_Exercise directions_
Exactly as written, output the lines below starting from the first and ending with the line that contains "기상특보나 사고정보 등"; omit pictures.

_Source material_
BEGIN
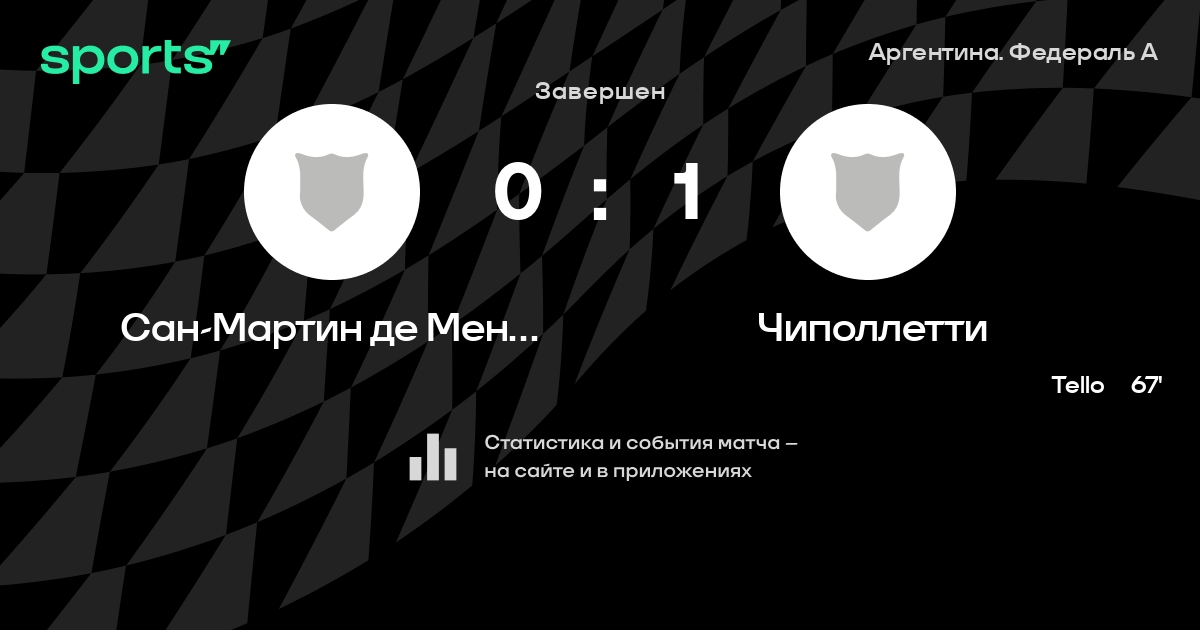 Результат прошлой игры в турнире «Торнео Федераль A»: Соль де Майо – Сан-Мартин де Мендоса 1:4. После 18 туров Сан-Мартин де Мендоса набирает 22 очков и занимает 7 место в турнире. Лучший бомбардир команды – Херман Соса: он забил 3 в 21 матчах. В 4 последних матчах в турнире «Торнео Федераль A» Сан-Мартин де Мендоса обязательно забивает. Сан-Мартин де Мендоса пропускает в 4 последних матчах в турнире «Торнео Федераль A». В последних 5 играх Сан-Мартин де Мендоса забивает 7 голов. В последних 5 играх Сан-Мартин де Мендоса пропускает 5 голов.
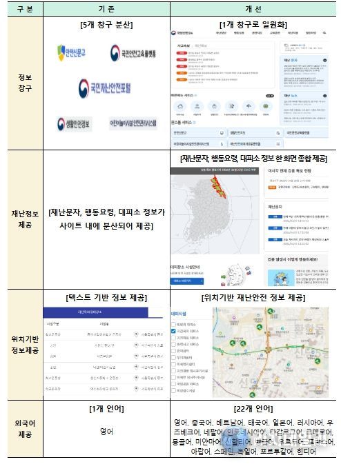기상특보나 사고정보 등 실시간 재난상황 정보를 제공하는 재난 유형은 기존 9종에서 26종으로 확대된다. 특히 재난별 상황정보, 재난문자, 대피소 위치, 국민행동요령을 통합 안내함으로써 위기 상황에서 국민이 신속하게 대처할 수 있도록 돕는다.
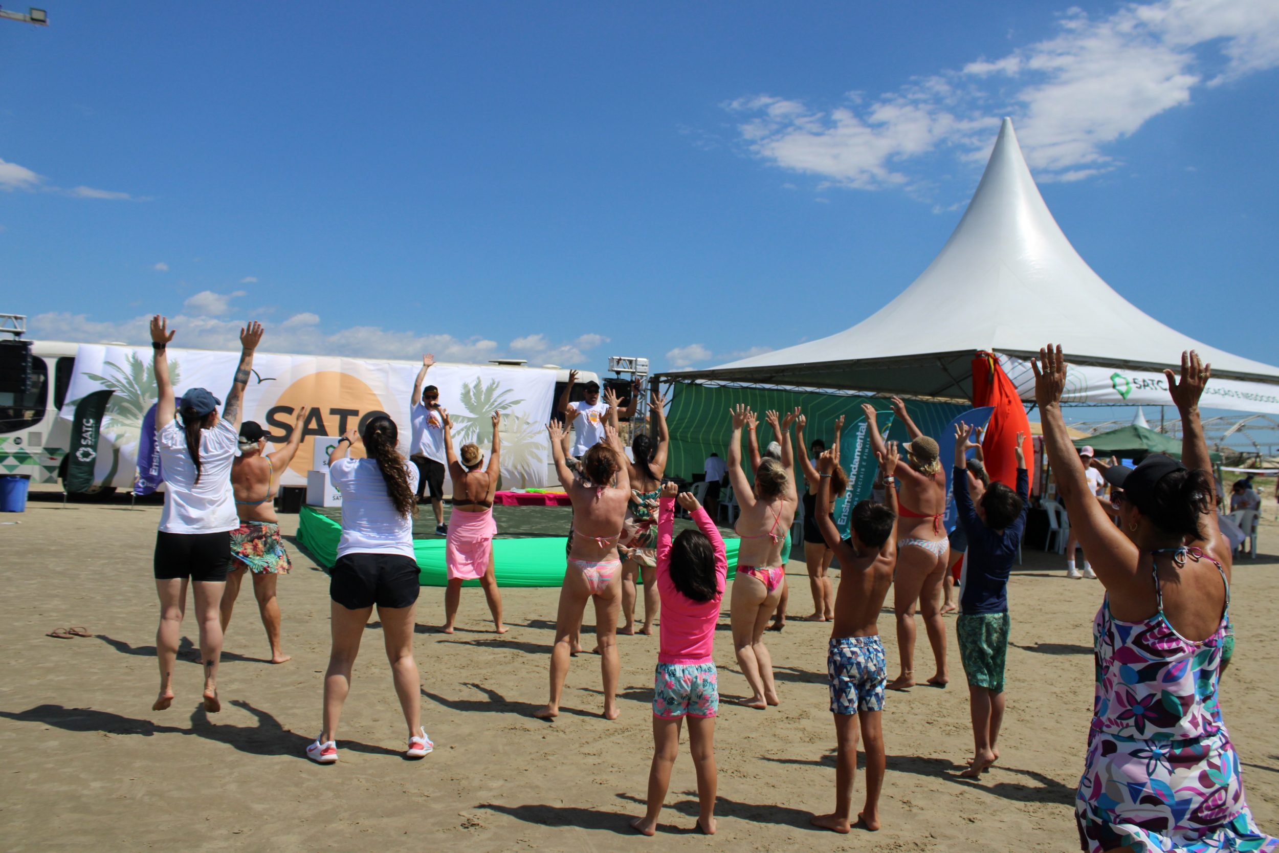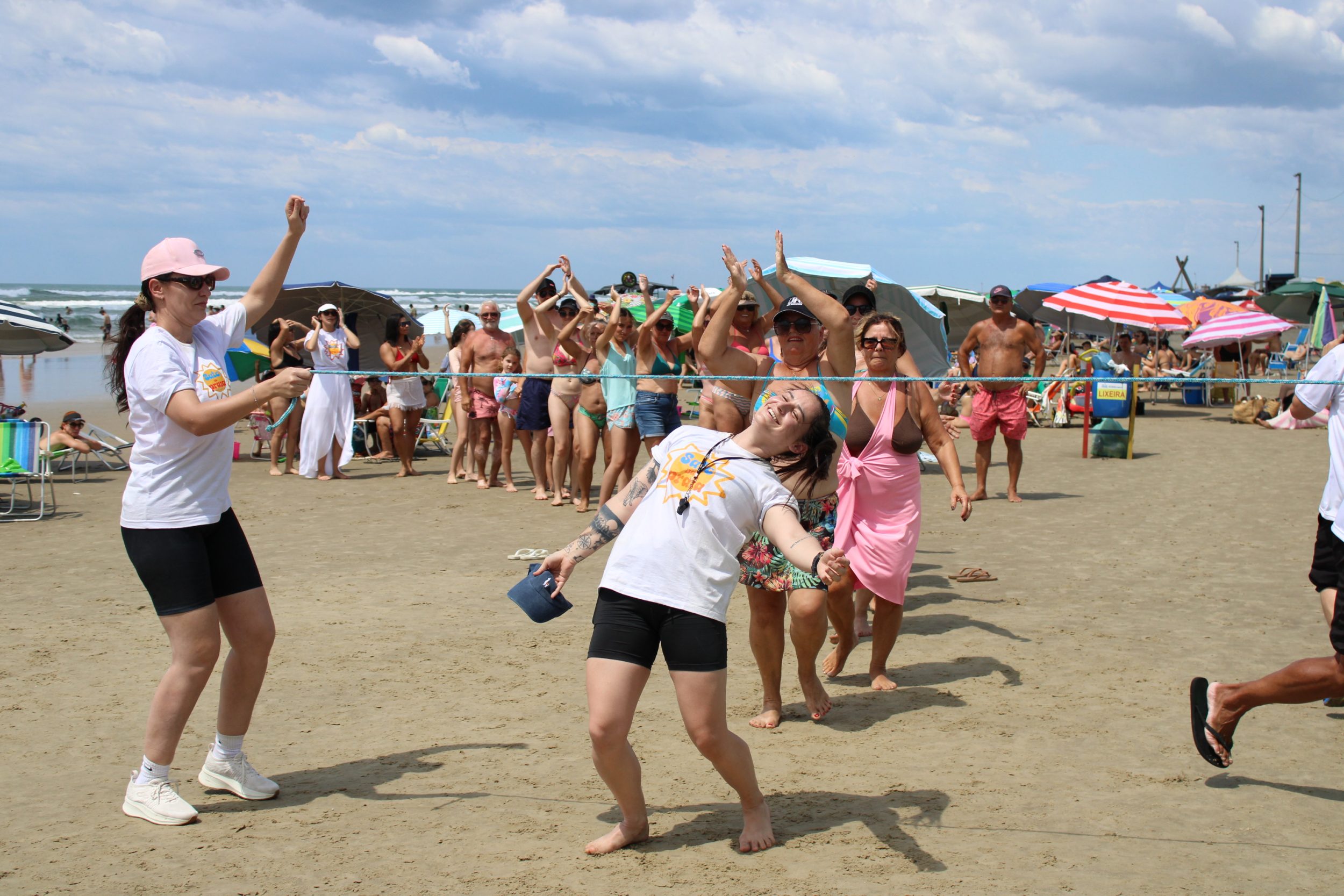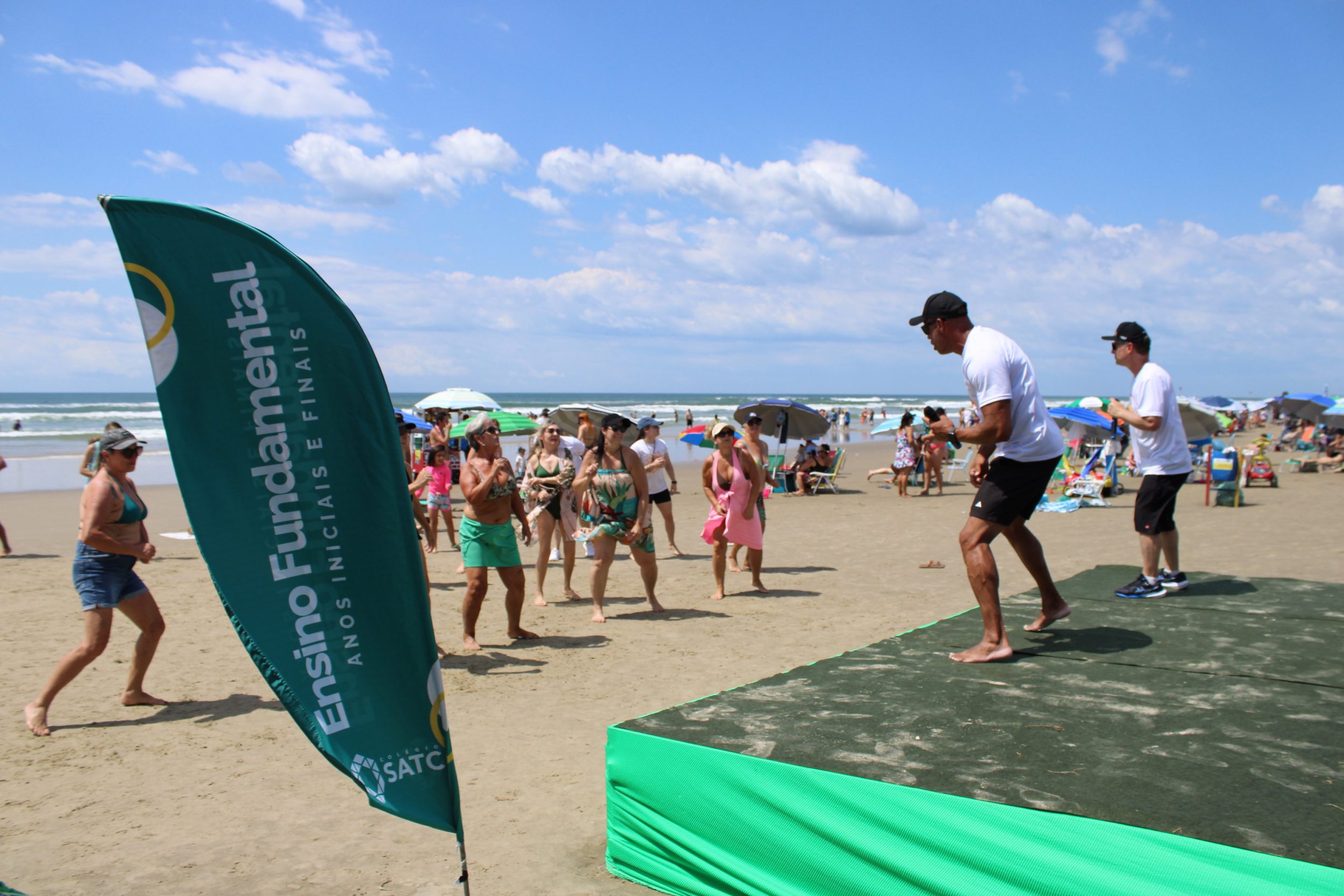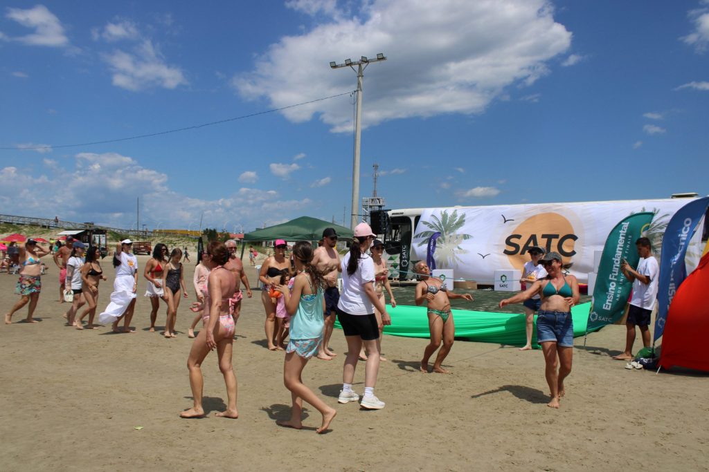 O Satc na Praia 2026 tomou conta da orla da Zona Sul do Balneário Rincão na manhã deste sábado (3). Com a presença de famílias inteiras, o encontro transformou a beira-mar em um espaço de convivência, onde crianças, adolescentes, adultos e idosos participaram juntos das atividades propostas.
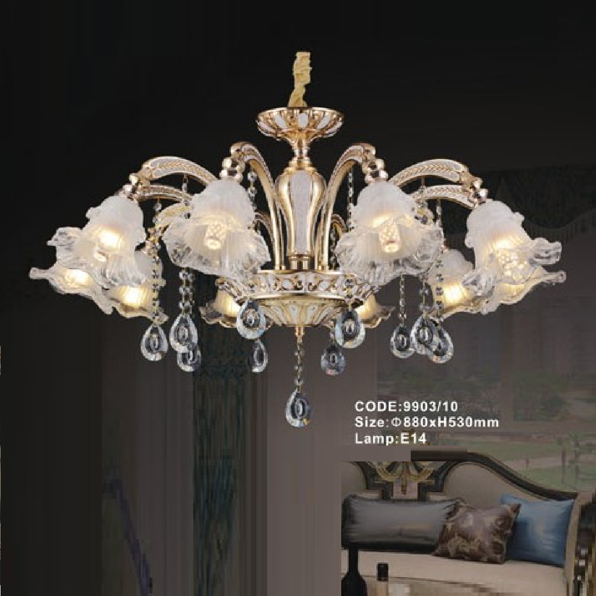 5. CODE: 9903/10: Đèn chùm 10 tay chao thủy tinh - KT: Ø880mm x H530mm - Bóng đèn E14 x 10 bóng
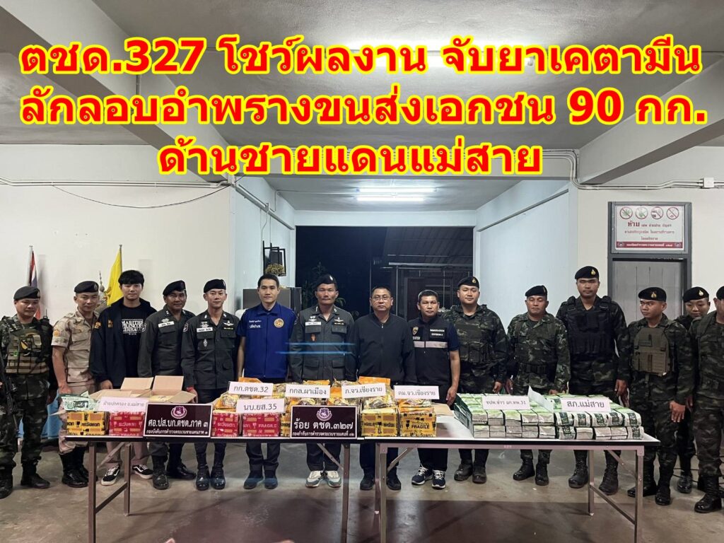 ตชด.327 โชว์ผลงาน จับยาเคตามีน ลักลอบอำพรางขนส่งเอกชน 90 กก. ด้านชายแดนแม่สาย
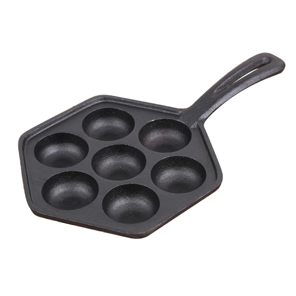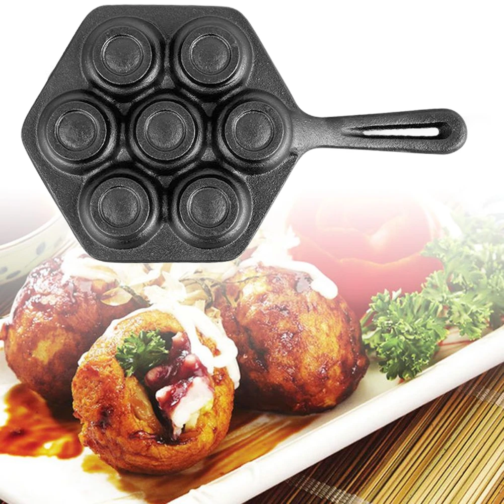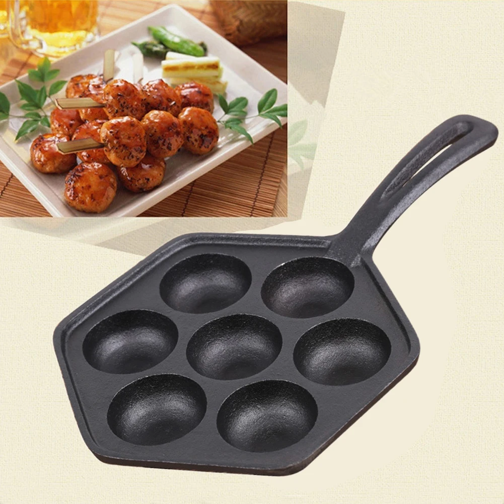 HOT Sale With Handle Cast Iron Takoyaki Mold 7 Holes Portable Griddle Meatball Kitchen Hexagon Hanging Non S
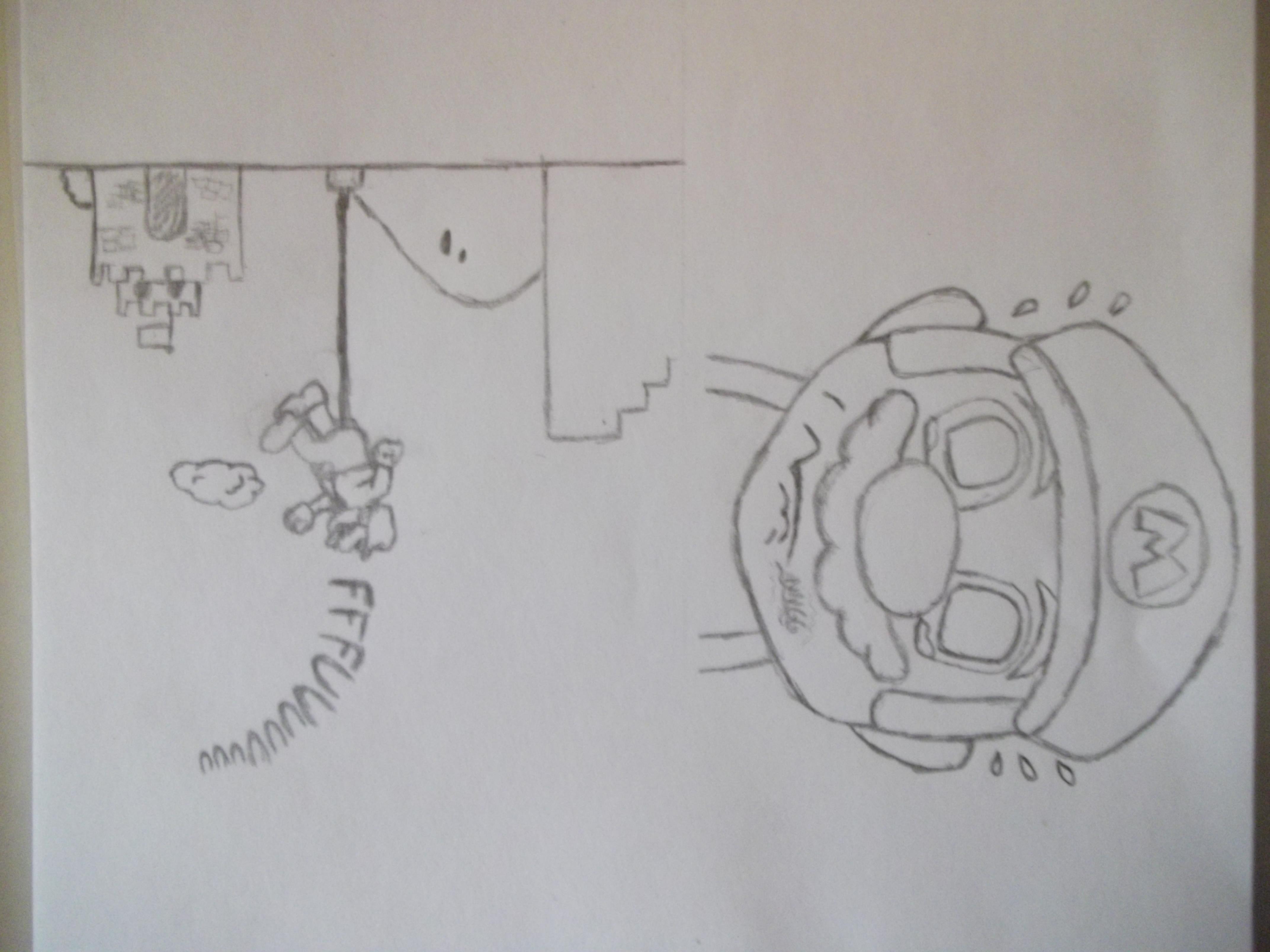 It's time for morbidity and humor: In an attempt to act like Wednesday's funeral wasn't real, I spent all my time and attention to complete my very first web comic ever Tuesday. The final drawing is a bit more crude than the original sketches, but I had to redraw the entirety, as my scanner is dead also. Drawing things with a mouse isn't easy, so the result is still good for a first ever thing. It was inspired by my recent attempt to replay Super Mario Bros in celebration of his 25th anniversary. Enjoy Mario's Leap Of Faith:
END
_Answer for the task_
 Результат прошлой игры в турнире «Торнео Федераль A»: Соль де Майо – Сан-Мартин де Мендоса 1:4. После 18 туров Сан-Мартин де Мендоса набирает 22 очков и занимает 7 место в турнире. Лучший бомбардир команды – Херман Соса: он забил 3 в 21 матчах. В 4 последних матчах в турнире «Торнео Федераль A» Сан-Мартин де Мендоса обязательно забивает. Сан-Мартин де Мендоса пропускает в 4 последних матчах в турнире «Торнео Федераль A». В последних 5 играх Сан-Мартин де Мендоса забивает 7 голов. В последних 5 играх Сан-Мартин де Мендоса пропускает 5 голов.
기상특보나 사고정보 등 실시간 재난상황 정보를 제공하는 재난 유형은 기존 9종에서 26종으로 확대된다. 특히 재난별 상황정보, 재난문자, 대피소 위치, 국민행동요령을 통합 안내함으로써 위기 상황에서 국민이 신속하게 대처할 수 있도록 돕는다.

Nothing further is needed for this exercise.